Заведения напротив еще не открывались, да и сам "Боржч" был, собственно,
закрыт, но Эрнест был уже на посту, протирал бокалы, хмуро поглядывая
из-за стойки на трех каких-то типов, лакавших пиво за угловым столиком. С
остальных столиков еще не были сняты перевернутые стулья, незнакомый негр
в белой куртке надраивал пол шваброй, и еще один негр корячился с ящиками
пива за спиной у Эрнеста. Рэдрик подошел к стойке, положил на стойку
портфель и поздоровался. Эрнест пробурчал в ответ что-то неприветливое.
- Пива налей, - сказал Рэдрик и судорожно зевнул.
Эрнест грохнул на стойку пустую кружку, выхватил из холодильника
бутылку, откупорил ее и наклонил над кружкой. Рэдрик, прикрывая рот
ладонью, уставился на его руку. Рука дрожала. Горлышко бутылки несколько
раз звякнуло о край кружки. Рэдрик взглянул Эрнесту в лицо. Тяжелые веки
Эрнеста были опущены, маленький рот искривлен, толстые щеки обвисли. Негр
шаркал шваброй под самыми ногами у Рэдрика, типы в углу азартно и злобно
спорили о бегах, негр, ворочавший ящики, толкнул Эрнеста задом так, что
тот покачнулся. Негр принялся бормотать извинения. Эрнест сдавленным
голосом спросил:
- Принес?
- Что принес? - Рэдрик оглянулся через плечо.
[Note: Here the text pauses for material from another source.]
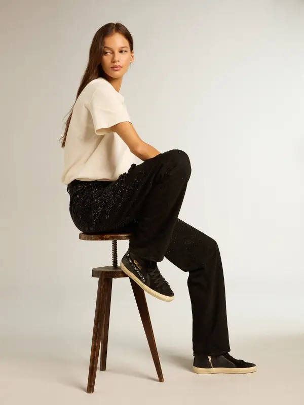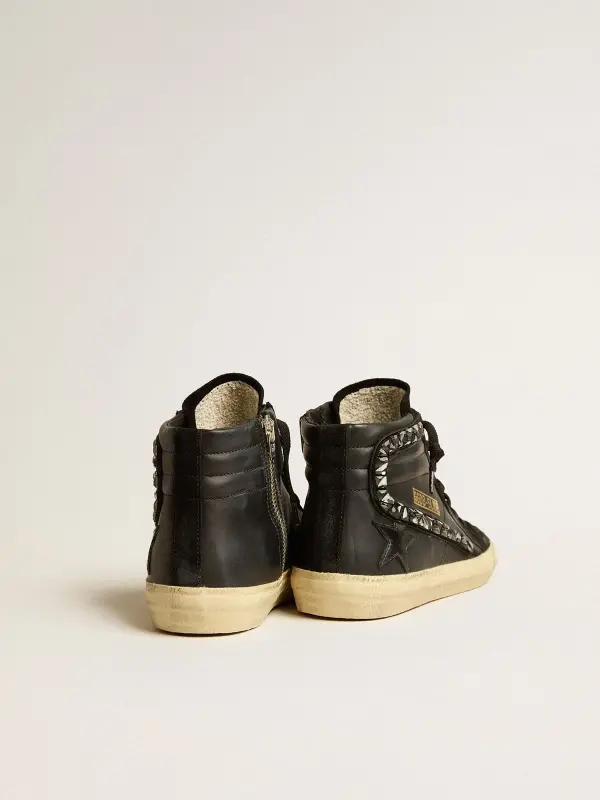 Skate soul, glamorous attitude. Our Slide sneakers take you straight to Venice Beach, between an ollie and a kickflip. With a black leather upper, this model features a glossy black leather star and inserts in black suede, such as the heel tab and tongue. A flash embellished with black Swarovski crystals and black leather trim and black laces complete the look.

Один из типов лениво поднялся из-за столика, пошел к выходу и
остановился в дверях, раскуривая сигарету.
- Пойдем потолкуем, - сказал Эрнест.
Негр со шваброй теперь тоже стоял между Рэдриком и дверью.
Здоровенный такой негр, вроде Гуталина, только в два раза шире.
- Пойдем, - сказал Рэдрик и взял портфель. Сна у него уже не было ни
в одном глазу.
Он зашел за стойку и протиснулся мимо негра с пивными ящиками. Негр
прищемил, видно, себе палец, облизывал ноготь, исподлобья разглядывая
Рэдрика. Тоже очень крепкий негр, с проломленным носом и расплющенными
ушами. Эрнест прошел в заднюю комнату, и Рэдрик последовал за ним, потому
что теперь уже все трое типов стояли у выхода, а негр со шваброй оказался
перед кулисами, ведущими на склад.
В задней комнате Эрнест отступил в сторону и, сгорбившись, сел на
стул у стены, а из-за стола поднялся капитан Квотерблад, желтый и
скорбный, а откуда-то слева выдвинулся громадный ооновец в нахлобученной
на глаза каске, быстро взял Рэдрика за бока и провел огромными ладонями по
карманам. У правого бокового кармана он задержался, извлек кастет и
легонько подтолкнул Рэдрика к капитану. Рэдрик подошел к столу и поставил
перед капитаном Квотербладом портфель.
- Что же ты, зараза! - сказал он Эрнесту.
Эрнест уныло двинул бровями и пожал одним плечом. Все было ясно. В
дверях уже стояли, ухмыляясь, оба негра, и больше дверей не было, а окно
было закрыто и забрано снаружи основательной решеткой.
Капитан Квотерблад, с отвращением кривя лицо, обеими руками копался в
портфеле, выкладывая на стол: "пустышки" малые - две штуки; "батарейки" -
девять штук; "черные брызги" разных размеров - шестнадцать штук в
полиэтиленовом пакете; "губки" прекрасной сохранности - две штуки;
"газированной глины" - одна банка...
- В карманах есть что-нибудь? - тихо произнес капитан Квотерблад. -
Выкладывайте...
- Гады, - сказал Рэдрик. - Зар-разы.
Он сунул руку за пазуху и швырнул на стол пачку банкнот. Банкноты
полетели во все стороны.
- Ого! - произнес капитан Квотерблад. - Еще?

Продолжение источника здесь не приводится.